Mostly, this has to do with a lack of post-snap recognition of what defenses are doing. Multiple times he struggled to identify rotating safeties. Often in cover 3, especially on a blitz or when there aren’t multiple receivers threatening one zone, defensive backs will transfer zones and fall back into the zone they are passing off to. Below you can see the corner at the bottom of the screen pass off the dig route to the centerfield player. That centerfield safety now comes down to guard the dig while the corner to the bottom of the screen falls back to deep middle to help with the post from the top of the screen. Darnold doesn’t look to the bottom of the screen and instead locks on the safety. When the safety comes down, he thinks he has a ton of clear field to hit the post with nobody deep middle. He doesn’t recognize the framework and defensive rules in place and throws the ball up for what should have thrown an interception to the corner who drops into his new deep middle zone.

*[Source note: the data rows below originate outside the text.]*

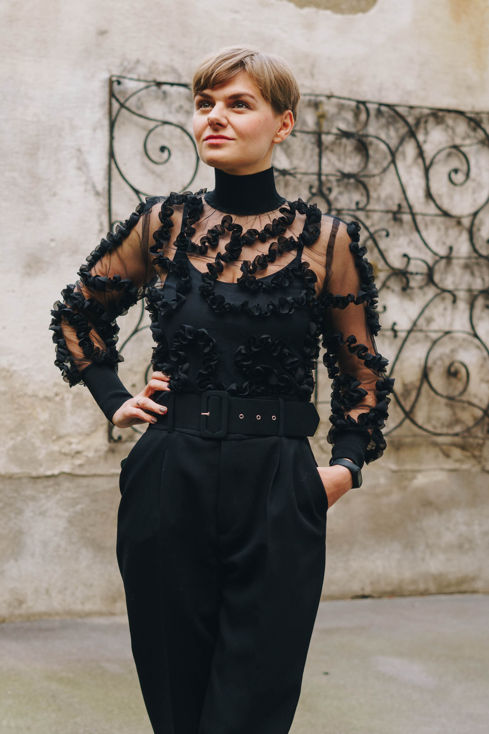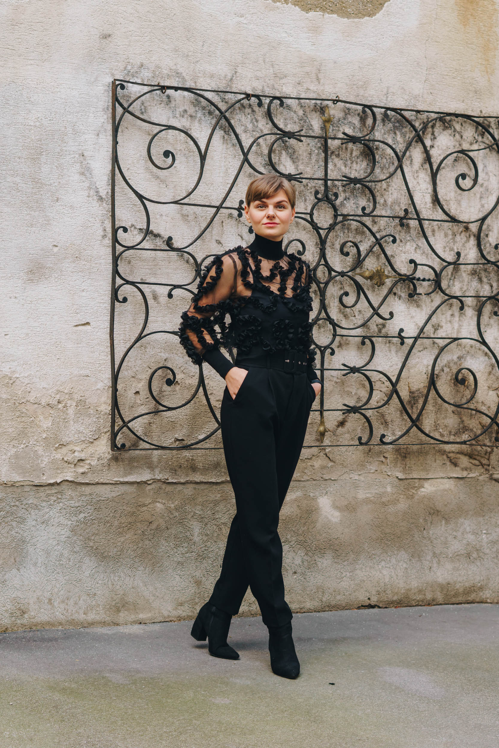 Auf den Bildern trage ich einen Mantel von only, ein Spitzen-Oberteil und Stoffhose von Zara, einen Body von hm und Stiefletten von Asos.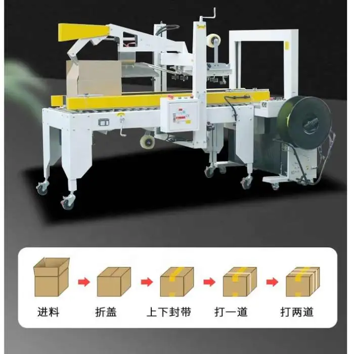 It automatically seals the top and bottom of cartons using BOPP tape, providing fully automatic carton sealing for packing and shipping.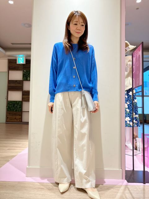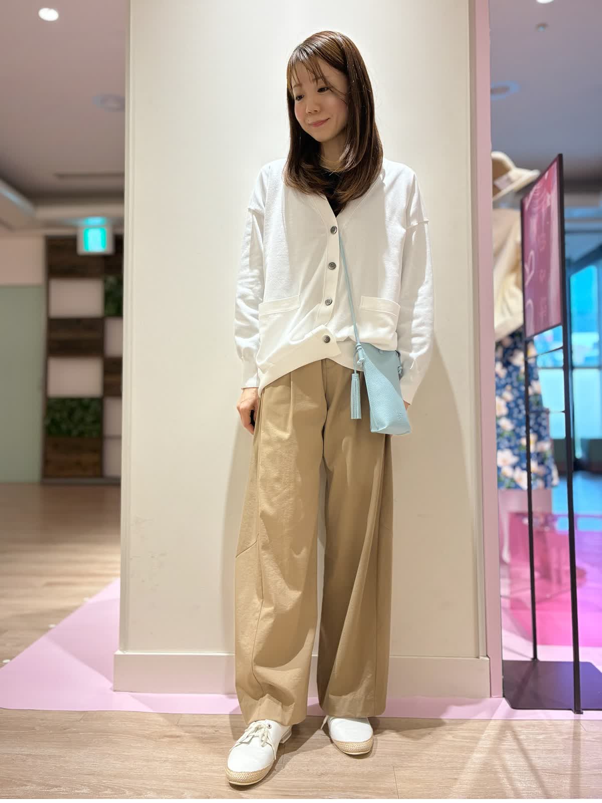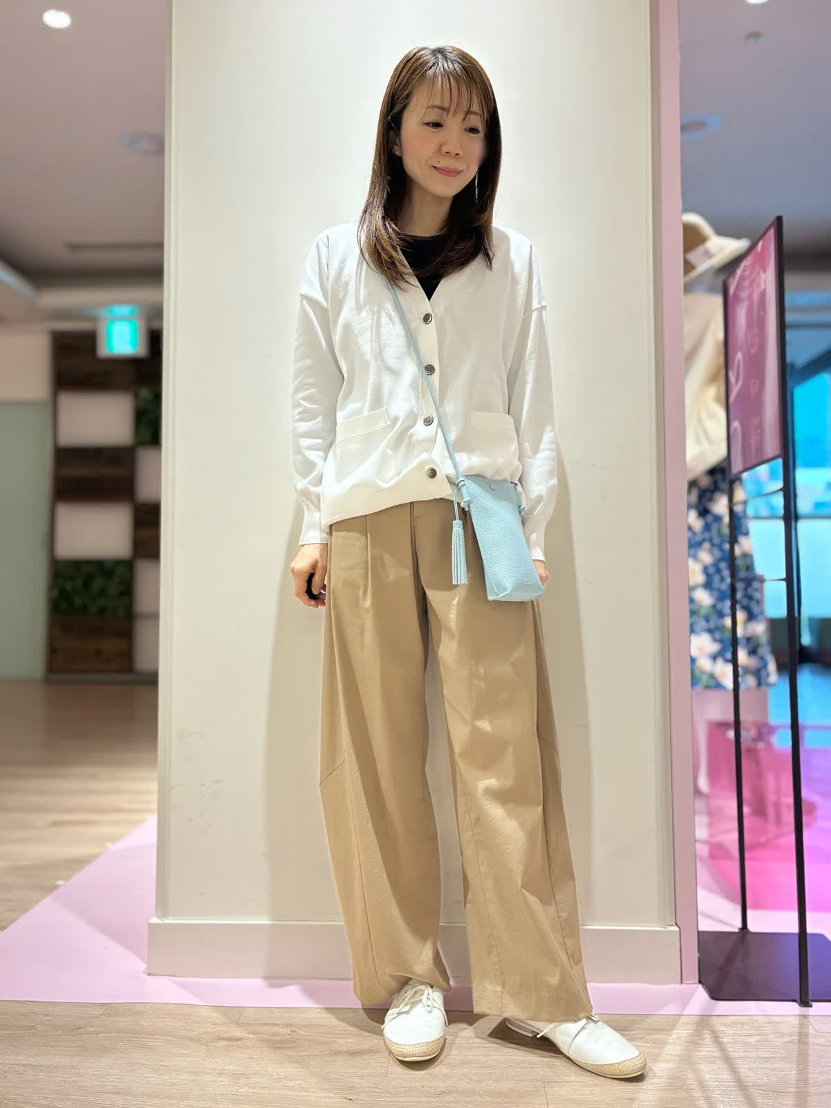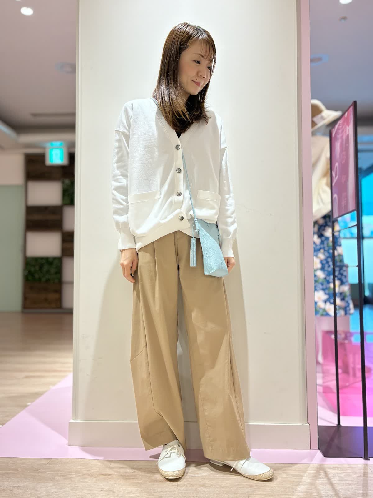 【着用サイズ】カーディガン:9号 ニット:9号 パンツ:7号 【着用カラー】カーディガン:オフホワイト ニット:ダークネイビー パンツ: キャメル コーディネートのテーマは春のお出かけスタイリングです。 白のカーディガンは、ライトアウター替わりに着られる少し地厚な生地感で、今からの時期大活躍。トレンドのバレルパンツも、着丈短めのトップスで、低身長さんもバランスよく着用できます。 春のお出かけにおすすめのおしゃれコーディネートです。

Below is an example of a lack of recognition pre-snap that the safety is on the hash shading to the single receiver side. He can’t put this much air on the ball. His better bet would have been going to the bottom of the screen where there is no safety help and his receiver wins easily.
Recognizing and diagnosing these rotates and rules takes time for new quarterbacks to process. It’s why rookie QBs often have a lot of difficulty have consistent success. My only concern with Darnold is that he’s now going into year three and was still making some rookie errors in year two. As mentioned before, he has all the arm talent in the world but at times he can pull the string and lack follow through in his throwing motion. His feet and base are set, he just has balls die or sail on him because of his lack of follow through and this can also lead to a lack of touch as he tries to push balls with all arm. Take a look at a couple of the gifs below and note the fall back and almost recoil motion of his arm after.
Sam Darnold has all the tools you could want for a franchise quarterback. With some instability at the head coaching position, a lack of talent outside, and a suspect offensive line that ranked 31st in allowing pressure within 2.5 seconds less on 27.5% of dropbacks, Darnold hasn’t had the easiest path to start his career. The signs of greatness are there with decisive reads, great pocket movement and accuracy outside the pocket, and the ability to fit balls into tight windows. However, you’d also hope to see a little more progress in his decision making than he has shown so far. With 28 interceptions in his first two years, he needs to cut down on the poor decisions and work on faster recognition of post-snap adjustments. He’s shown that he can take advantage of blitzes, read leverage, and has the accuracy to make teams pay in man coverage. Now he just needs to put it all together. The Jets are still a few pieces away but as that team builds around him – especially up front – Darnold could be absolutely lethal in a division that is up for grabs with the departure of Tom Brady.